AILoc2 Probe: Log Active Document Snapshot Logs a diagnostic snapshot for the active document.
AILoc2 Probe: Log Active Document Metrics Target Shows the repo-local metrics target for the active document.
AILoc2 Probe: Show Summary Output Opens the summary output channel.
AILoc2 Probe: Recompute Repo Summary Rebuilds .ailoc2-metrics/summary.json for a selected repo.
AILoc2 Probe: Install Repo Hooks Installs managed AILoc2 hooks into .githooks.
AILoc2 Probe: Uninstall Repo Hooks Removes managed AILoc2 hooks and restores prior repo-local hook settings when possible.

Configuration

Setting Default Description
ailoc2Probe.logging.verboseOutputChannel false When enabled, logs automatic probe events to the AILoc2 Probe output channel.

Attribution model

The current heuristic is intentionally conservative.

  • The strongest AI signal is recent chat-editing-snapshot-text-model activity followed almost immediately by a workspace-file change — especially a whole-document replacement.
  • A small localized edit during an active chat-editing session is treated as more likely human than AI to avoid obvious false positives.
  • Zero-content change events are filtered out as lifecycle noise.
  • Unknown or unattributed slices are kept out of the headline percentage when possible instead of being quietly counted as AI.

Signals used today

Signal Interpretation Bucket
ProbableAIApplyToWorkspaceFile Strong evidence of AI apply to a real file after recent snapshot activity. AI
PossibleAIApplyToWorkspaceFile Some AI-like context exists, but the change is less decisive. AI
LikelyHumanEditWhileChatSessionOpen Small manual edit while a chat session is active. Human
LikelyHumanOrRegularEditorEdit Ordinary workspace-file edit without matching chat-editing context. Human

How the summary is computed

AILoc2 compares rolling attribution state with staged and unstaged Git diff slices.

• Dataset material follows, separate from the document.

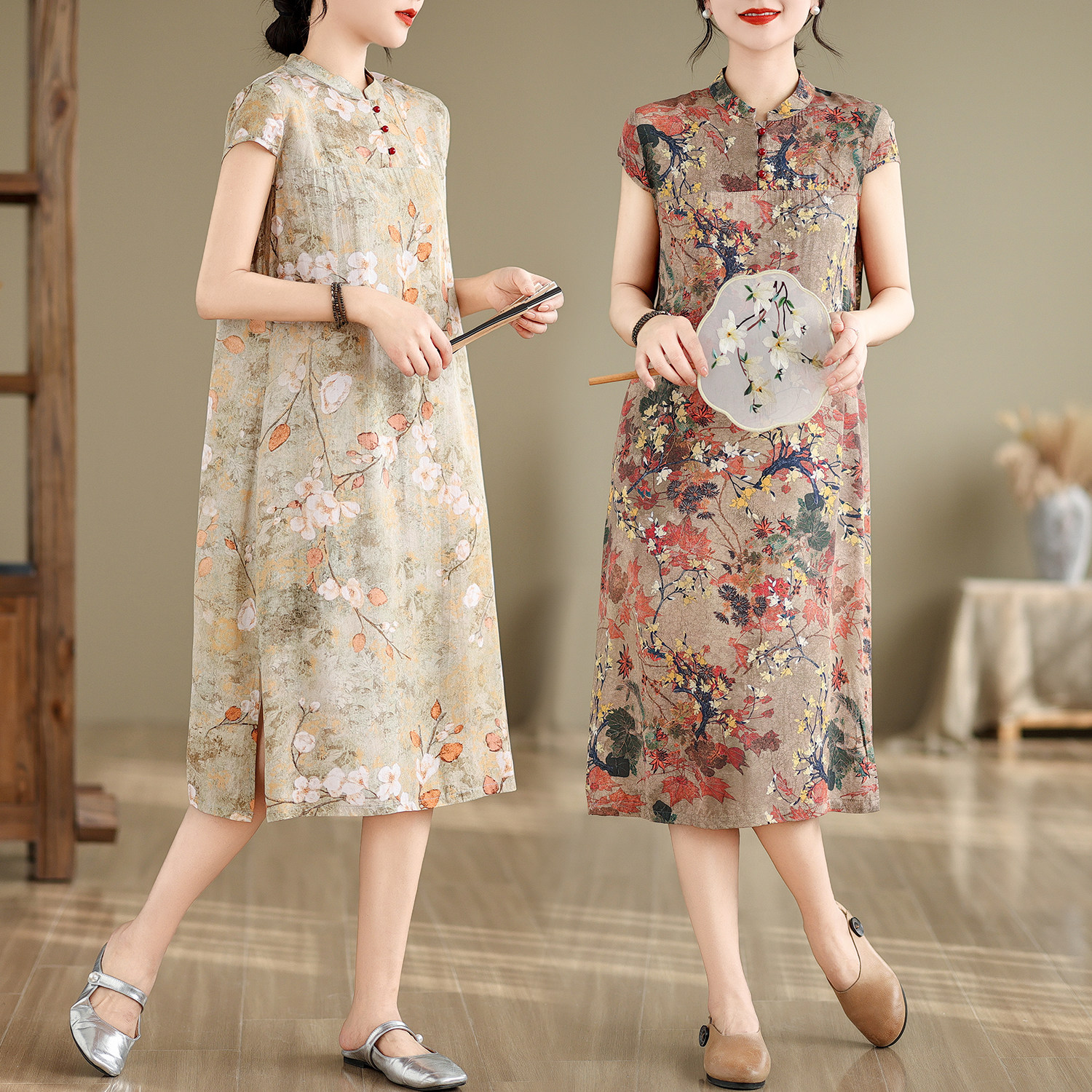 夏装复古文艺中式改良旗袍宽松中长款连衣裙女中长款百搭显瘦潮款

It weights changed lines using current line lengths with a minimum weight of 1, which makes the result more representative than a naive whole-file percentage while staying cheap enough to run inside normal commit workflows.

Current limitations

This project is already useful, but it is not pretending to be magic.

  • Today’s AI detection is heuristic, not universal ground truth.
  • The strongest support is for VS Code chat-editing apply flows.
  • Edits made outside VS Code — or while the extension is inactive — are not observed directly at creation time.
  • Some AI-assisted changes may still look human or unknown if the editor does not expose a distinct enough signal.
  • (AI unavailable) means summary generation or hook runtime fallback kicked in; it does not always mean “no AI was used.”
  • The extension currently excludes metrics artifact paths such as .ailoc2-metrics from tracking to avoid self-feedback loops.

Development

npm install
npm run build

Useful scripts:

  • npm run build — compiles the extension and bundles the hook runtime.
  • npm run build:hook-runtime — bundles out/hook-runtime/ailoc2-hook-runtime.cjs.
  • npm run watch — TypeScript watch mode for extension development.

Roadmap

  • Strengthen provenance by owning more of the AI apply path directly.
  • Improve attribution quality for non-chat AI tools and edge-case editing flows.
  • Harden diff parsing, save checkpointing, rename handling, and summary validation with tests.
  • Improve packaging and distribution so trying AILoc2 feels delightfully boring.
  • Add better visualization for teams who want more than a commit suffix.

Contributing

Issues and pull requests are welcome — especially around attribution accuracy, odd editor behaviors, hook interoperability, and repo-state edge cases. If you can make the heuristics smarter without making the workflow weirder, you are very much in the right place.


If Git is the source of truth for code history, AILoc2 is an attempt to make AI provenance part of that truth — locally, visibly, and without asking developers to stop working like developers.